# [Exercise]
Please restate each line of the data that follows word for word, skipping any image.

# [Information supplied]
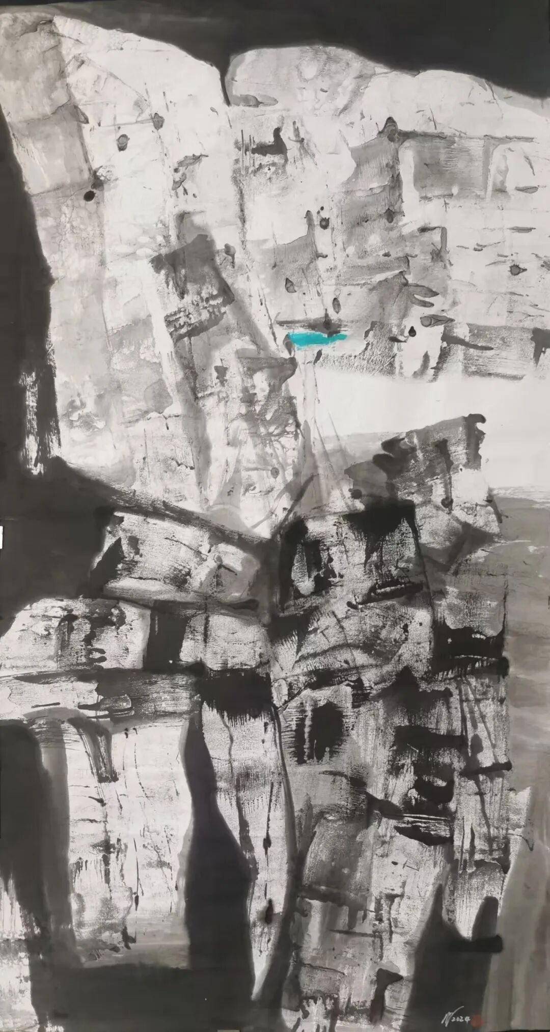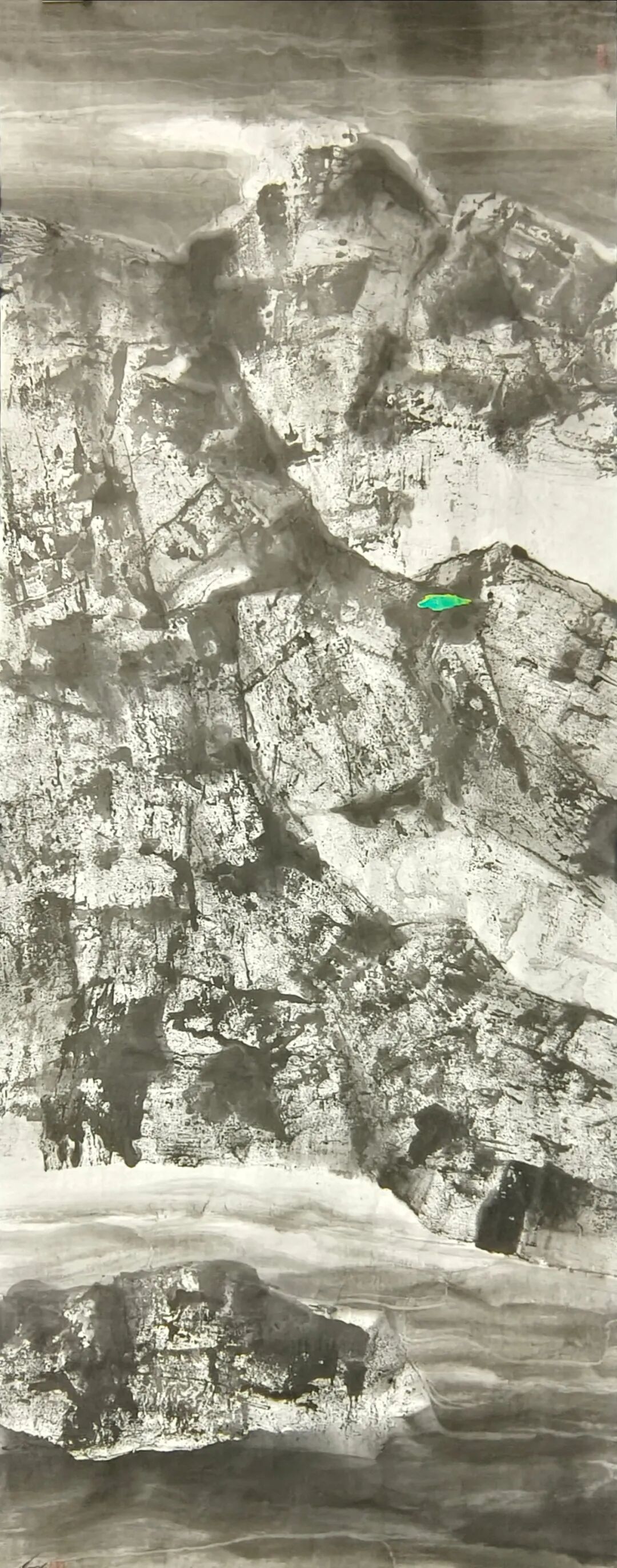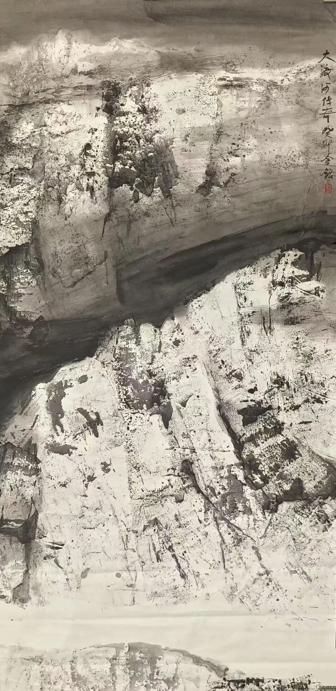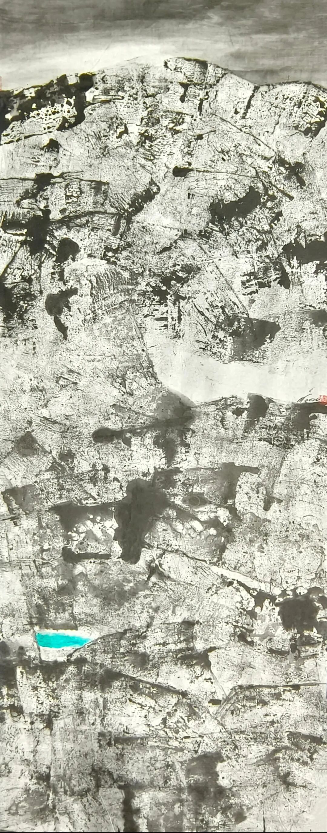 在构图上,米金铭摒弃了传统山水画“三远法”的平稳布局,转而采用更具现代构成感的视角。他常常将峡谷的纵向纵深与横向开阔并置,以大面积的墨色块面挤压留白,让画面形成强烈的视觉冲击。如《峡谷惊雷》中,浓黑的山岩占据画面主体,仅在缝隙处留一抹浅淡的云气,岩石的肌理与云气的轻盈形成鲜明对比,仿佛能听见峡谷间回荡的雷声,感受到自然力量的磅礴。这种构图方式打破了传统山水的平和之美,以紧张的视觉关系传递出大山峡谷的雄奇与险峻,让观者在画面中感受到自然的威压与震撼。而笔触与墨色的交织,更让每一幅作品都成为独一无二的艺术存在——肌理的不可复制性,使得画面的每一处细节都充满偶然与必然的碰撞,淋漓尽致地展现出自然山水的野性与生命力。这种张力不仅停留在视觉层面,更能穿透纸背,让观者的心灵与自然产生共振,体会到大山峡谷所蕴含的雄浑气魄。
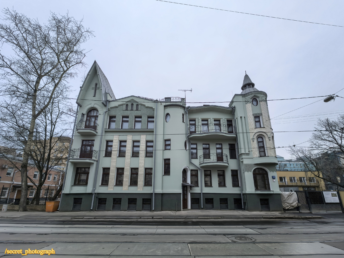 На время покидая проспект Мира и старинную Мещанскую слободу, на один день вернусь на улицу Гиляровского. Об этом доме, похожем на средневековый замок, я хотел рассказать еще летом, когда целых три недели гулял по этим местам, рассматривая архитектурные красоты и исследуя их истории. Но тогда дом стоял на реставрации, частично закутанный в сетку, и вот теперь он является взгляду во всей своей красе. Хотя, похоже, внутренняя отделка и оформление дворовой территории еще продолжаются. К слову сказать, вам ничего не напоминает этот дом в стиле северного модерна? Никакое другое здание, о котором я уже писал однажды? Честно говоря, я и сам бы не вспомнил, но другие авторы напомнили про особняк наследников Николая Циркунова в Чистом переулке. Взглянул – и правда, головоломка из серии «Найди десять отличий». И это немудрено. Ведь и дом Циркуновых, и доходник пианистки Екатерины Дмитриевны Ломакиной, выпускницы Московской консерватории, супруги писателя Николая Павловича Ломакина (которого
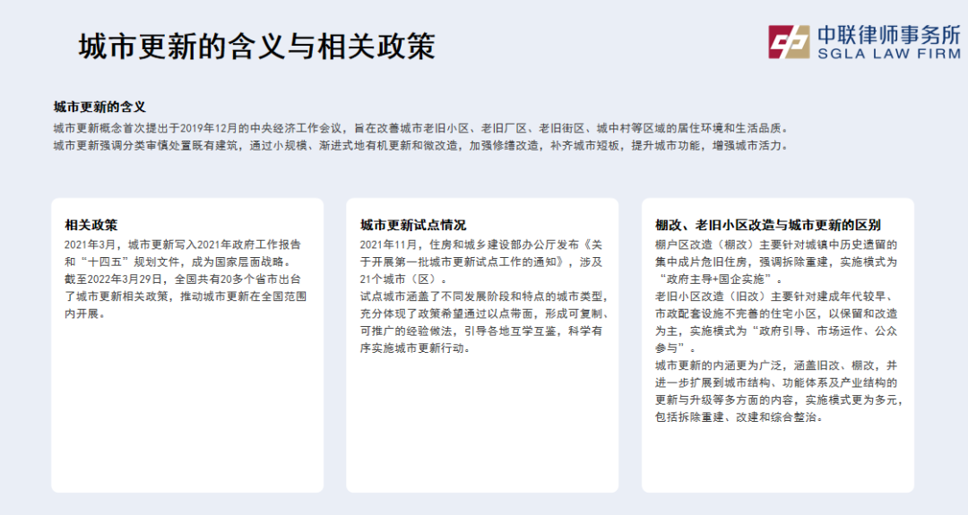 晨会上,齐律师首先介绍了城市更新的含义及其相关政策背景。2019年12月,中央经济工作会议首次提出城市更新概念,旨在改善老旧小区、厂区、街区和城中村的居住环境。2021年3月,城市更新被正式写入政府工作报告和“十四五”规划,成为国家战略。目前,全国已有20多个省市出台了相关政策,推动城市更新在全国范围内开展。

# [Answer for this exercise]
 在构图上,米金铭摒弃了传统山水画“三远法”的平稳布局,转而采用更具现代构成感的视角。他常常将峡谷的纵向纵深与横向开阔并置,以大面积的墨色块面挤压留白,让画面形成强烈的视觉冲击。如《峡谷惊雷》中,浓黑的山岩占据画面主体,仅在缝隙处留一抹浅淡的云气,岩石的肌理与云气的轻盈形成鲜明对比,仿佛能听见峡谷间回荡的雷声,感受到自然力量的磅礴。这种构图方式打破了传统山水的平和之美,以紧张的视觉关系传递出大山峡谷的雄奇与险峻,让观者在画面中感受到自然的威压与震撼。而笔触与墨色的交织,更让每一幅作品都成为独一无二的艺术存在——肌理的不可复制性,使得画面的每一处细节都充满偶然与必然的碰撞,淋漓尽致地展现出自然山水的野性与生命力。这种张力不仅停留在视觉层面,更能穿透纸背,让观者的心灵与自然产生共振,体会到大山峡谷所蕴含的雄浑气魄。
 На время покидая проспект Мира и старинную Мещанскую слободу, на один день вернусь на улицу Гиляровского. Об этом доме, похожем на средневековый замок, я хотел рассказать еще летом, когда целых три недели гулял по этим местам, рассматривая архитектурные красоты и исследуя их истории. Но тогда дом стоял на реставрации, частично закутанный в сетку, и вот теперь он является взгляду во всей своей красе. Хотя, похоже, внутренняя отделка и оформление дворовой территории еще продолжаются. К слову сказать, вам ничего не напоминает этот дом в стиле северного модерна? Никакое другое здание, о котором я уже писал однажды? Честно говоря, я и сам бы не вспомнил, но другие авторы напомнили про особняк наследников Николая Циркунова в Чистом переулке. Взглянул – и правда, головоломка из серии «Найди десять отличий». И это немудрено. Ведь и дом Циркуновых, и доходник пианистки Екатерины Дмитриевны Ломакиной, выпускницы Московской консерватории, супруги писателя Николая Павловича Ломакина (которого
 晨会上,齐律师首先介绍了城市更新的含义及其相关政策背景。2019年12月,中央经济工作会议首次提出城市更新概念,旨在改善老旧小区、厂区、街区和城中村的居住环境。2021年3月,城市更新被正式写入政府工作报告和“十四五”规划,成为国家战略。目前,全国已有20多个省市出台了相关政策,推动城市更新在全国范围内开展。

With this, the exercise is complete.